Patentiert im Deutschen Reiche vom 4. November 1910 ab.
Vorrichtung zum Herstellen von Blöcken aus Ton, Beton o. dgl., die aus zwei aneinander gesetzten Formkästen mit fest mit dem Boden verbundenen Seitenwänden und in Schlitze dieser Wände eingreifenden Querwänden bestehen, sind bekannt. Diesen bekannten Vorrichtungen gegenüber besteht das Wesen der Erfindung darin, daß die in bekannter Weise mit einer Drehachse verbundenen Querwände durch Drehen dieser Achse von dem einen in den anderen Formkasten geschwenkt werden.
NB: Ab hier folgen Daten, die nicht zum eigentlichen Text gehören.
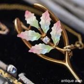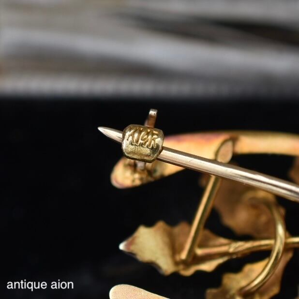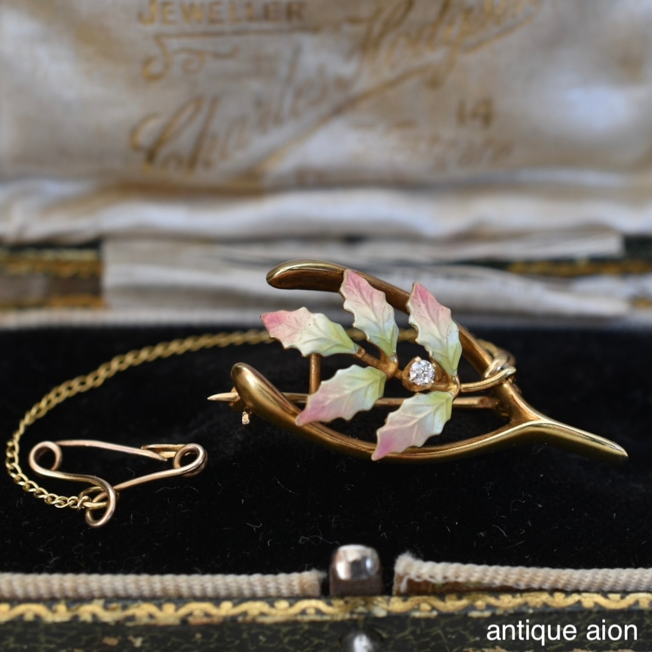 アメリカ アンティーク 1910〜1920年代 Kollmar Rauch & Co. 14ctゴールド エナメル&天然ダイヤモンド ウィッシュボーンブローチ

Dadurch ergibt sich gegenüber dem Bekannten der Vorteil, daß die Querwände und ebenso bei der Verwendung der Vorrichtung zum Herstellen von Hohlsteinen die hierzu erforderlichen Kerne nur die Länge eines einzigen Formkastens zu erhalten brauchen, während sie bei den bekannten Vorrichtungen, die wie der Erfindungsgegenstand ein abwechslungsweises Füllen und Entleeren des einen Formkastens gestatten, die doppelte Länge eines Formkastens aufweisen. Dies bedingt gegenüber den bekannten Vorrichtungen eine wesentliche Vereinfachung in der Konstruktion und Ersparnis an Material.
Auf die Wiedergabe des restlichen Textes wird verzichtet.